Gay monogamous couple are brains behind polygamy show

Mark V. Olsen and Will Scheffer, the screenwriting team that created "Big Love," don't have a personal interest in Mormonism or polygamy, but they do know something about family lifestyles outside the American mainstream. That's because, offscreen, they're a gay couple celebrating the 16th year of their own monogamous relationship. In an interview in May, they talked about the ideas behind "Big Love" and some of the changes they've made in the second season.


Q: Has researching and writing "Big Love" changed your ideas about polygamy?

Scheffer: I have definitely reversed some of my initial "yuck" reaction. We don't really take a pro or con stand on polygamy, but I have to say that I have begun to imagine it as a valid lifestyle and am sympathetic to polygamists in adult relationships with each other. I think it should be decriminalized.

Q: What about those who say polygamy inherently exploits or abuses women?

Olsen: Some feminists argued back in the '60s and '70s that marriage was inherently abusive and patriarchal -- that it was not a good deal for women. As the feminist movement has matured, there has been an evolution in that thinking. Polygamy can grow into a healthier model for some women.
There you have it: gay men telling straight women that polygamy may be healthy for them.

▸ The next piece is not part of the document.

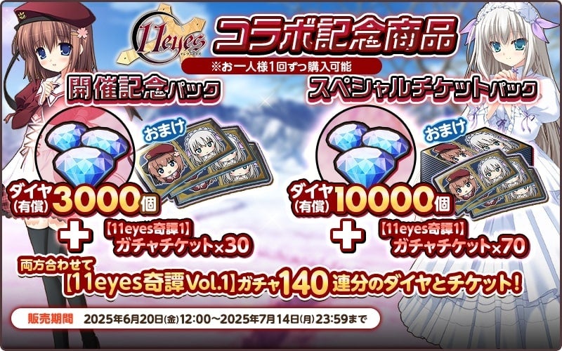 2025年6月20日(金)12:00より、コラボを記念した【開催記念パック】と【スペシャルチケットパック】の販売を開始致しました。限定コラボPickUPガチャ【11eyes奇譚~『赤い夜』の果てに~ Vol.1】をオトクに回せるパックです!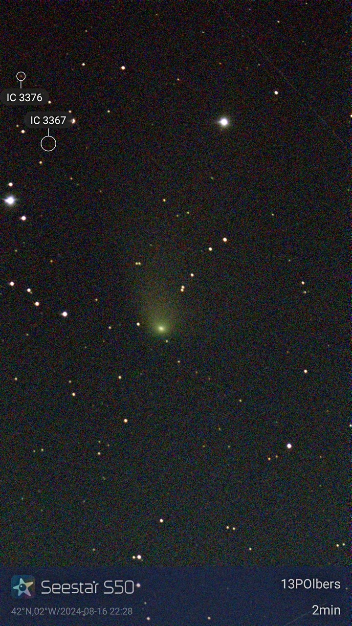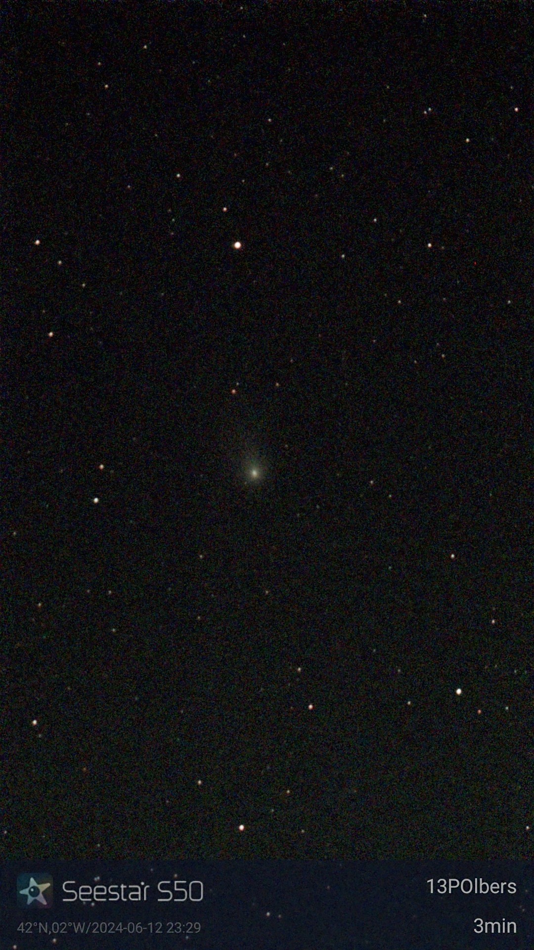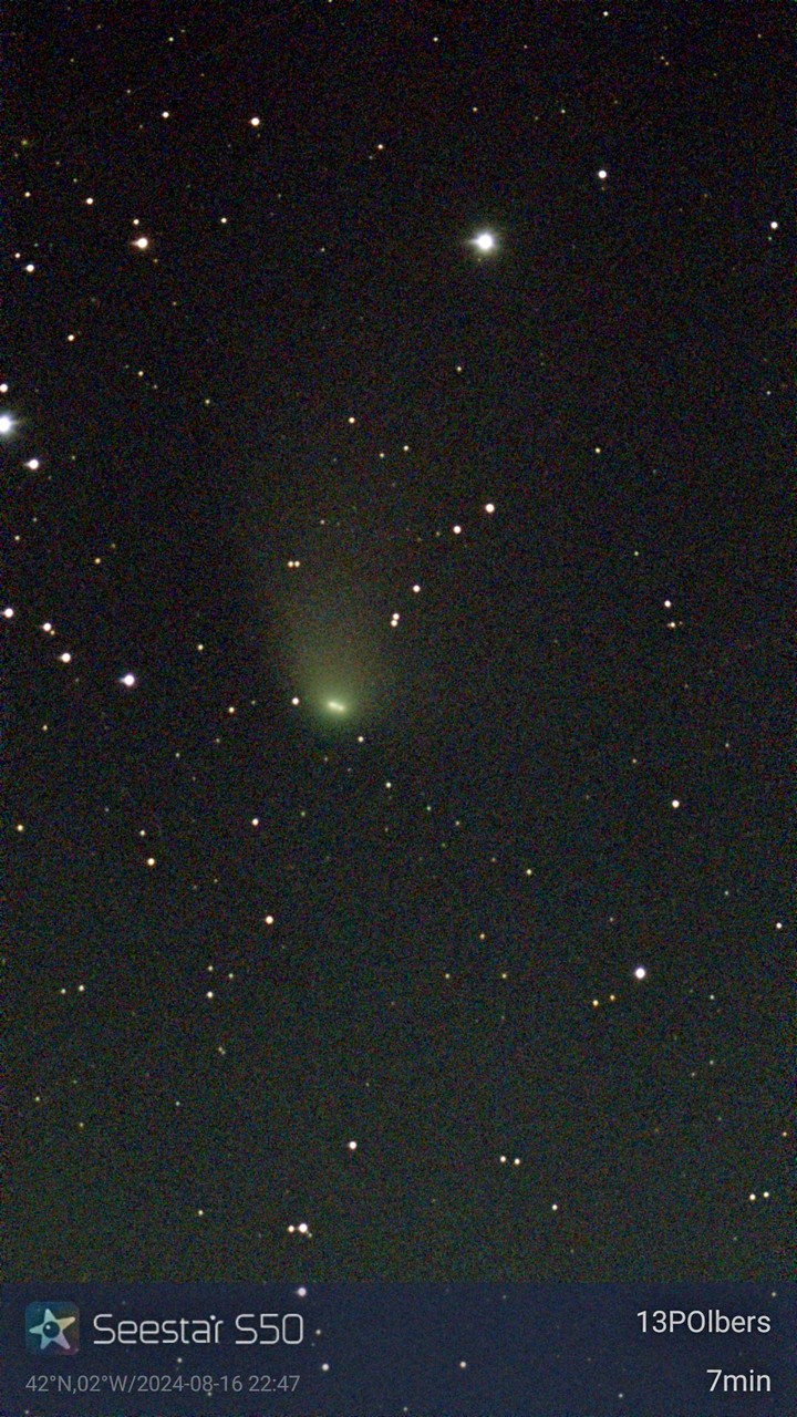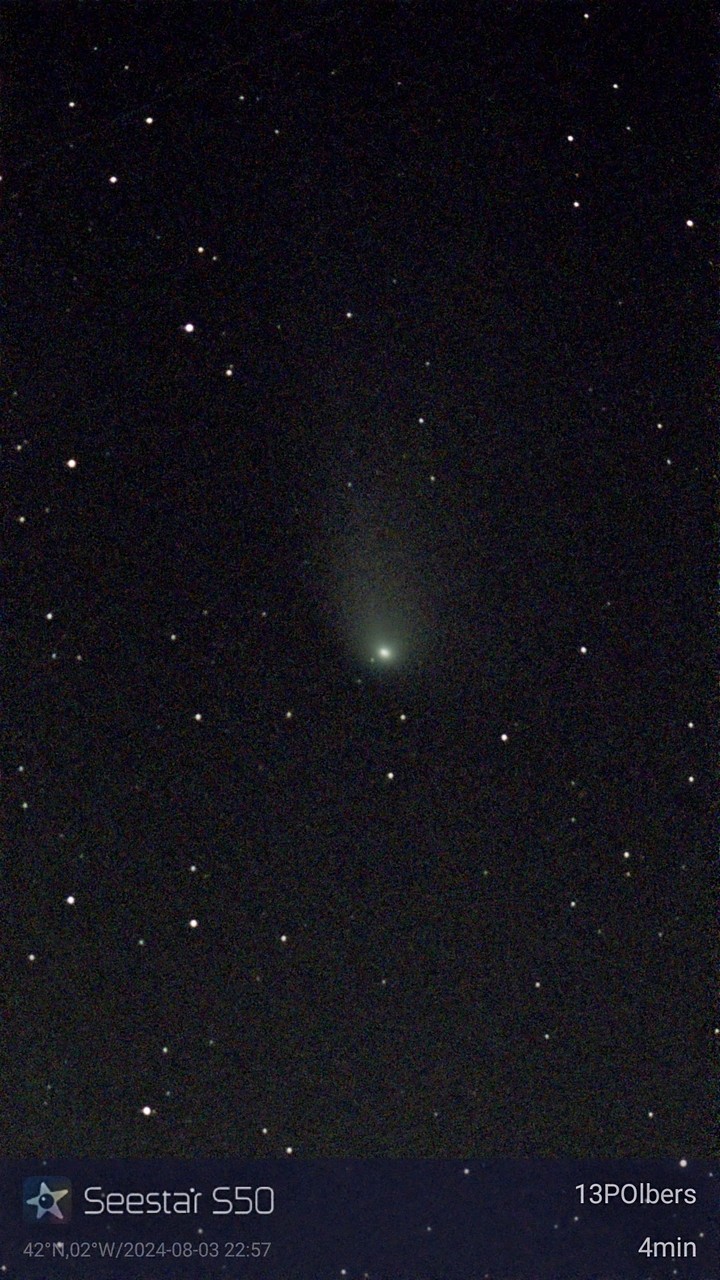 Noche semidespejada, e intento primero cometa 13P-Olbers, descubierto en 1815 por Heinrich Olbers

Think gay marriage is just about fairness? I wrote why it isn't here.

But here's a clear example how it's about power, and tearing down our civilization: the Federal 9th Circuit Court has now held that the words "marriage" and "natural family" and "a union of a man and a women" constitute hatespeech in the workplace because a lesbian felt "excluded" -- but "National Coming Out Day" is just fine in the workplace!
The story is that a few employees for the city of Oakland, Calif., grew tired of having liberalism rammed down their throats. They formed the “Good News Employee Association” in response to an e-mail that encouraged employees to participate in “National Coming-Out Day.”

In response, the Good News employees posted an introductory flier on the employee bulletin board Jan. 3.

It said: “Preserve Our Workplace With Integrity: Good News Employee Association is a forum for people of faith to express their views on the contemporary issues of the day.” It said it opposed “all views which seek to redefine the natural family and marriage,” which it defined as “a union of a man and a woman, according to California state law.”

A lesbian co-worker, Judith Jennings, spotted the flier and complained to the city attorney’s office that it made her feel “targeted” and “excluded,” according to a deposition. The flier was removed by a supervisor because it violated the city’s anti-discrimination rules.

The 9th U.S. Circuit Court of Appeals said employees’ freedom of speech takes a back seat to employers’ “legitimate administrative interests.” They were allowed to submit a new flier, subject to “certain editorial constraints.”
This led one blogger to note,
The city of Oakland seems to be creating a workplace that is hostile to strait-laced Christians.

I have to wonder why I am supporting gay marriage when one group of gays and one federal circuit court contend that “marriage” is a profanity that should not be uttered at work.
Only the naive thought they were supporting fairness and "equal rights" in supporting gays in this farce of "gay marriage"! It was and is always about destroying traditional marriage and by extension, mainstream society.

I have one word for those who are destroying our culture: die.


Blogger The_Bad said...

It never ceases to amaze me how sensitive the intolerant are. Almost as sensitive as the insane.